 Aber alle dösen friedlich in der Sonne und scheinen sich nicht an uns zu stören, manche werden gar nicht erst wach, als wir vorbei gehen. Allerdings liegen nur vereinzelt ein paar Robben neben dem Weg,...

...

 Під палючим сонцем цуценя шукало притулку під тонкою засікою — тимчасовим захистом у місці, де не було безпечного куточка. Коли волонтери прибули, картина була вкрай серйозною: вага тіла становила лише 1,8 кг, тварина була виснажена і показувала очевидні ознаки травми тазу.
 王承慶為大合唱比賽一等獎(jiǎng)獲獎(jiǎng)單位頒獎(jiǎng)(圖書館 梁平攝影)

▶ **Task description**: From the records above, transcribe exactly the run of lines that opens with the line holding "Під палючим сонцем" and closes with the line holding "王承慶為大合唱比賽一等獎(j", both included.

▶ **Solution to this problem**:
 Під палючим сонцем цуценя шукало притулку під тонкою засікою — тимчасовим захистом у місці, де не було безпечного куточка. Коли волонтери прибули, картина була вкрай серйозною: вага тіла становила лише 1,8 кг, тварина була виснажена і показувала очевидні ознаки травми тазу.
 王承慶為大合唱比賽一等獎(jiǎng)獲獎(jiǎng)單位頒獎(jiǎng)(圖書館 梁平攝影)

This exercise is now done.